[WORK INSTRUCTIONS]
Shown below are entries with pictures; the line with "BEERYFUN Wooden Educational" through the line with "the haunted man." is the span to retype exactly, and the pictures stay out.

[MATERIAL PROVIDED]
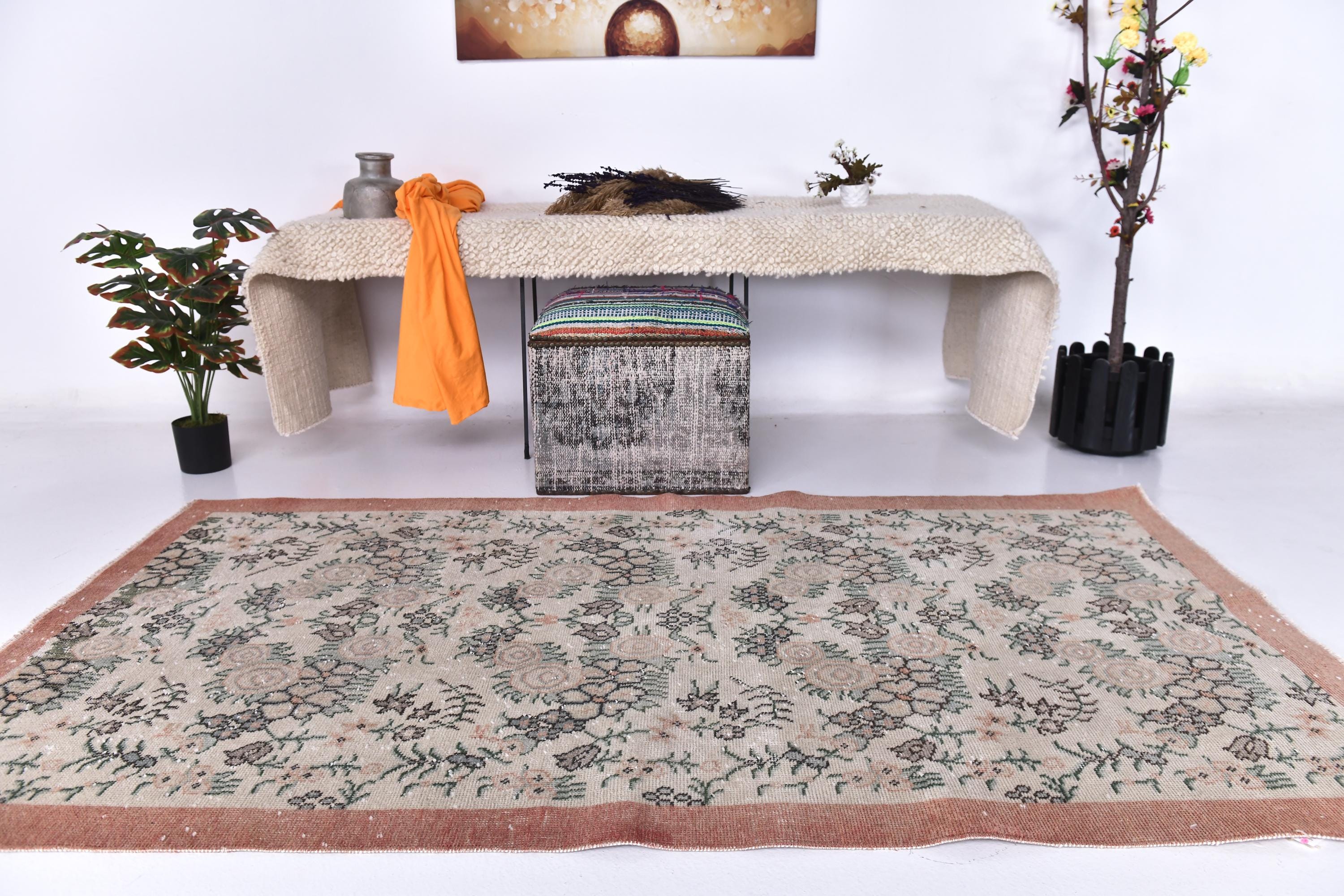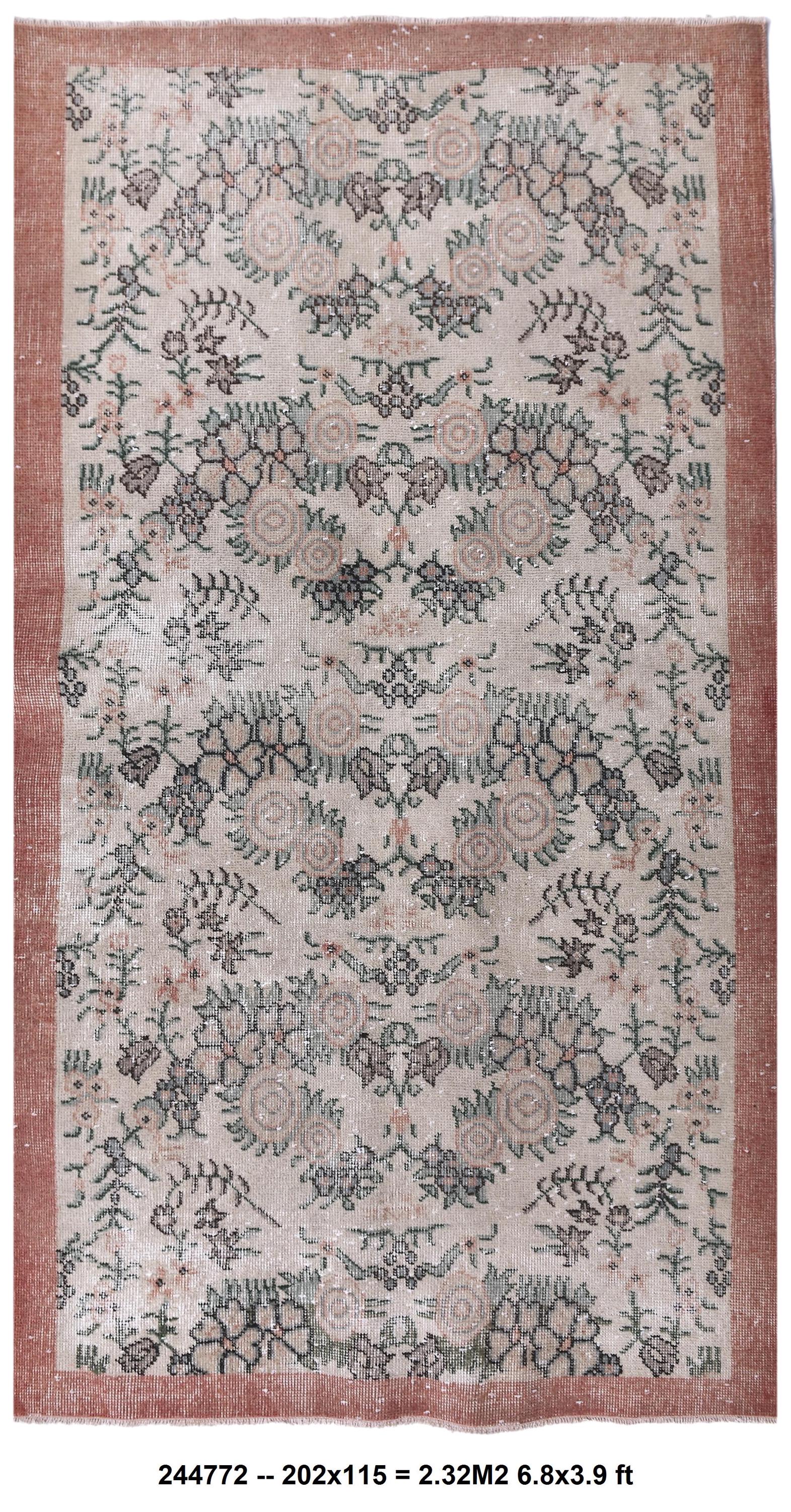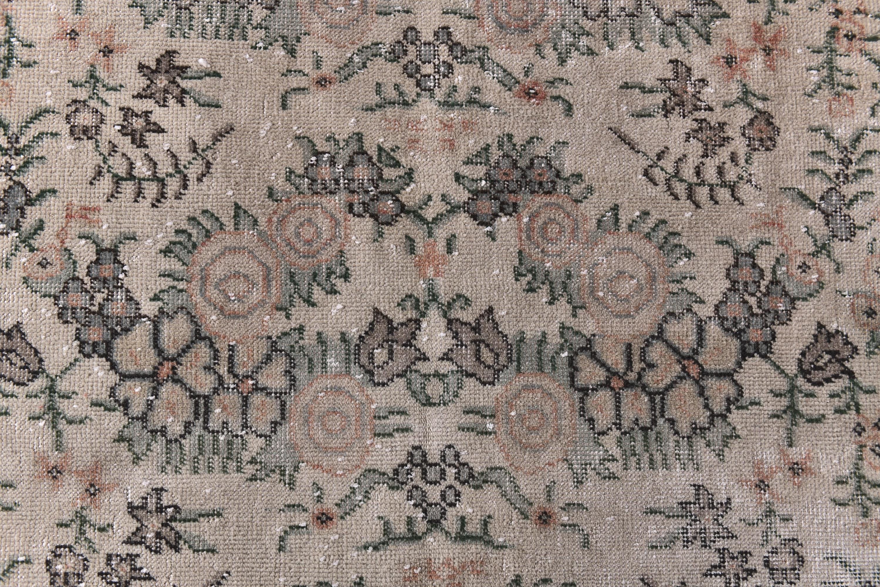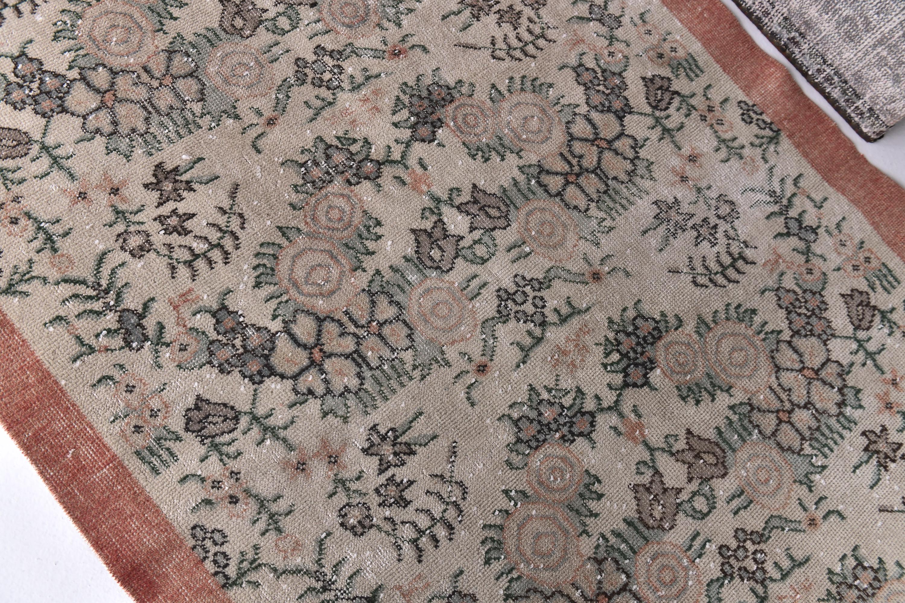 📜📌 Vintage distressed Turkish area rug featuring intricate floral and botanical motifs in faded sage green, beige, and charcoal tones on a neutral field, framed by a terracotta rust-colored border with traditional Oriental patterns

==

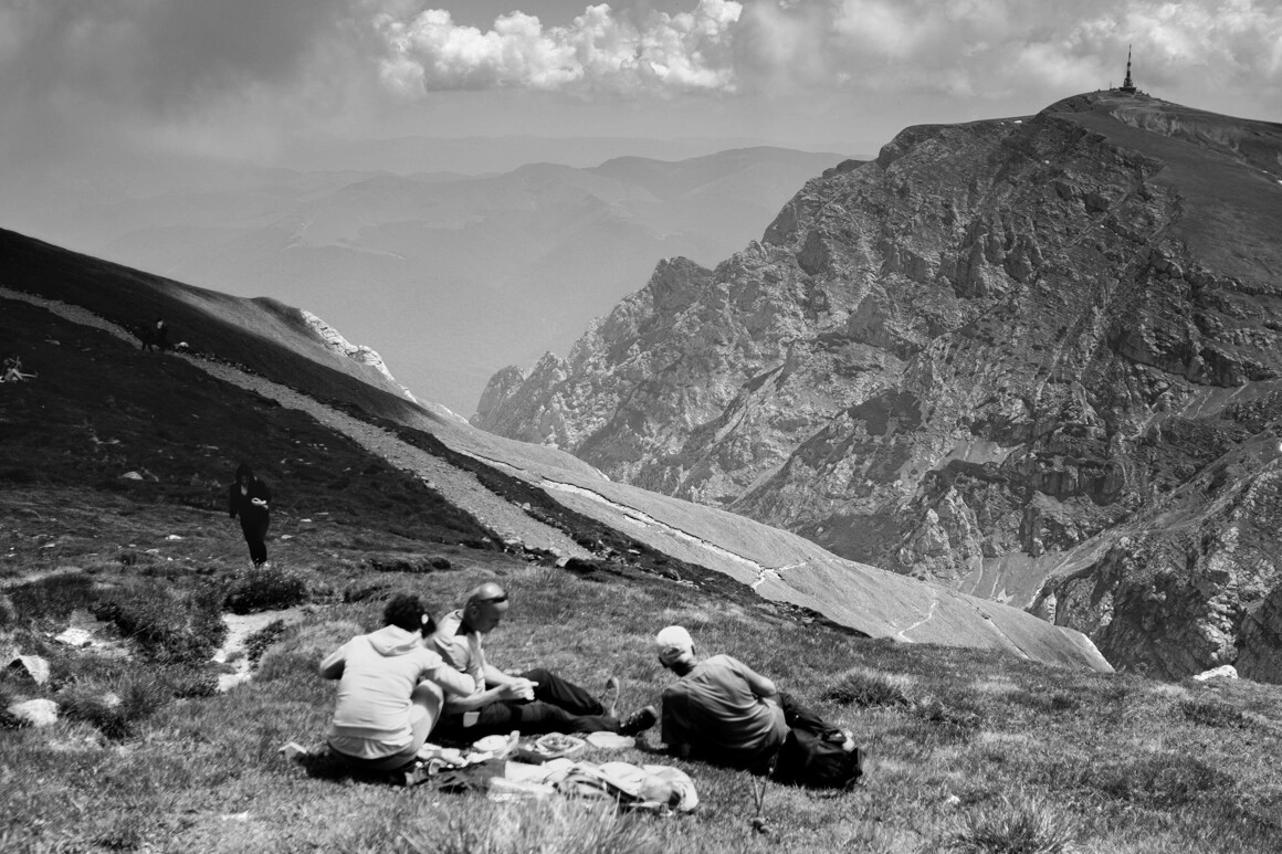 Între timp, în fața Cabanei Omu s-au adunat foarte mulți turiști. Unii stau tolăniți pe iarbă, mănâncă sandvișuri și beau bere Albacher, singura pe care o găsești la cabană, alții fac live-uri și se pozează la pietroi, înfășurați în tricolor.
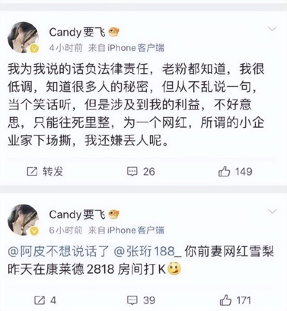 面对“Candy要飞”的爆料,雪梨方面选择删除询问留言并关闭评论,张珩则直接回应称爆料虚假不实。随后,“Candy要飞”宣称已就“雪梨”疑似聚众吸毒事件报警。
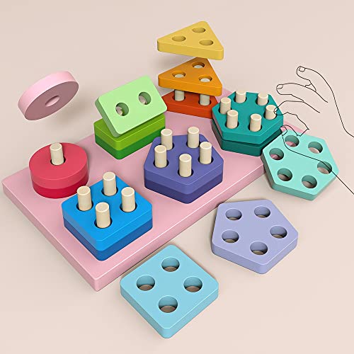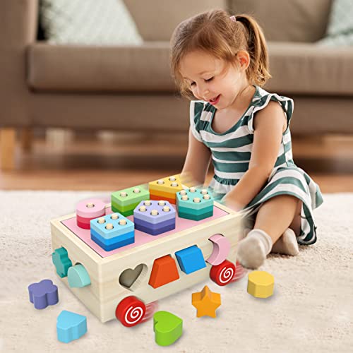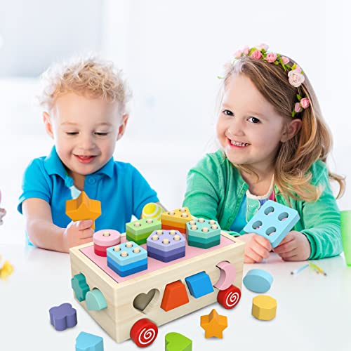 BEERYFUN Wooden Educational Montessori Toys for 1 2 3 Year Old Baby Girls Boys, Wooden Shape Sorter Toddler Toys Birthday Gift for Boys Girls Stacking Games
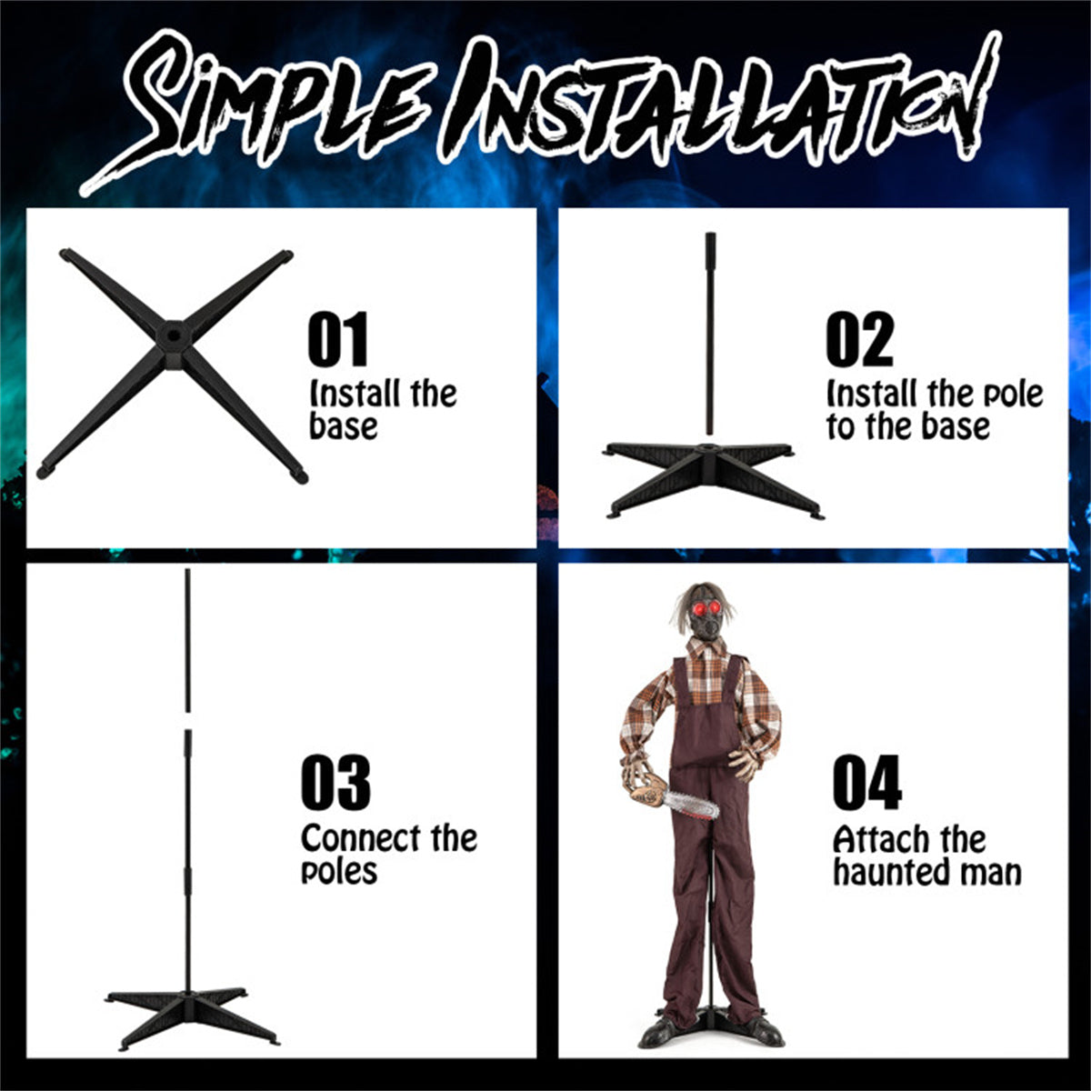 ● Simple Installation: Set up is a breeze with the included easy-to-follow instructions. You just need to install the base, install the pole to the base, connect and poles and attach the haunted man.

[THE ANSWER]
 BEERYFUN Wooden Educational Montessori Toys for 1 2 3 Year Old Baby Girls Boys, Wooden Shape Sorter Toddler Toys Birthday Gift for Boys Girls Stacking Games
 ● Simple Installation: Set up is a breeze with the included easy-to-follow instructions. You just need to install the base, install the pole to the base, connect and poles and attach the haunted man.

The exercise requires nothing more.